(YOUR TASK) Every line of the listing below should come back exactly as written, with no images.

(DATASET SECTION)
╔══
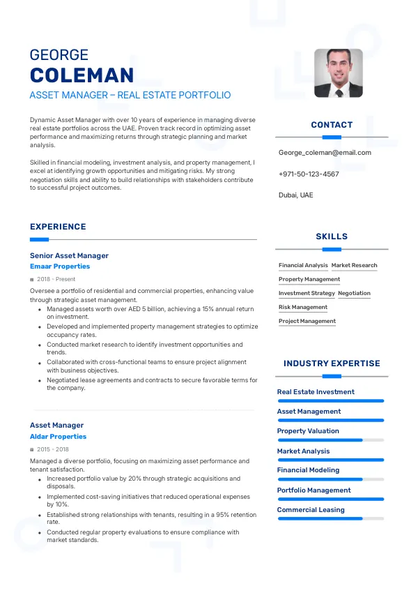 In 2026, the role of Asset Managers in the real estate portfolio sector of the UAE has evolved significantly. With the integration of AI-driven analytics and blockchain technology, Asset Managers are now expected to leverage advanced data insights for strategic decision-making. This evolution necessitates a TrueCV-optimized resume that highlights adaptability to new technologies and methodologies.
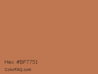 Hex #bf7751 Color is a normal orange color and the nearest color is Copper Red #cb6d51. Hex code #bf7751 and RGB value is rgb(191,119,81). In RGB color space, this color is composed of 75% red, 47% green, 32% blue, In CMYK color space, this color is composed of 0% cyan, 38% magenta, 58% yellow , 25% black , In HSL color space, this color has a hue angle of 21° , 46% saturation and 53% lightness.
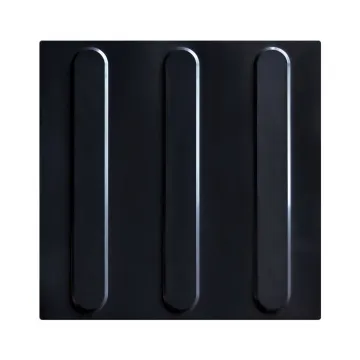 Piso tátil direcional produzido em PVC de alta resistência. Composto por um conjunto de relevos lineares agrupados, com 232,7 mm de comprimento e 30mm de largura na sua base com raio de 15 mm e altura de 3 mm, com ângulo de 45º. São dispostos em placas de 250 mm x 250 mm, 1,7 mm de espessura e atendendo ao especificado pela NBR 9050/2015.
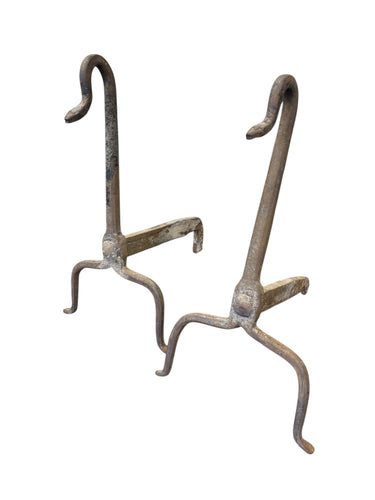 PAIR of primitive snake andirons, 16" h, 9" w ea.
╚══
(WORKED SOLUTION)
 In 2026, the role of Asset Managers in the real estate portfolio sector of the UAE has evolved significantly. With the integration of AI-driven analytics and blockchain technology, Asset Managers are now expected to leverage advanced data insights for strategic decision-making. This evolution necessitates a TrueCV-optimized resume that highlights adaptability to new technologies and methodologies.
 Hex #bf7751 Color is a normal orange color and the nearest color is Copper Red #cb6d51. Hex code #bf7751 and RGB value is rgb(191,119,81). In RGB color space, this color is composed of 75% red, 47% green, 32% blue, In CMYK color space, this color is composed of 0% cyan, 38% magenta, 58% yellow , 25% black , In HSL color space, this color has a hue angle of 21° , 46% saturation and 53% lightness.
 Piso tátil direcional produzido em PVC de alta resistência. Composto por um conjunto de relevos lineares agrupados, com 232,7 mm de comprimento e 30mm de largura na sua base com raio de 15 mm e altura de 3 mm, com ângulo de 45º. São dispostos em placas de 250 mm x 250 mm, 1,7 mm de espessura e atendendo ao especificado pela NBR 9050/2015.
 PAIR of primitive snake andirons, 16" h, 9" w ea.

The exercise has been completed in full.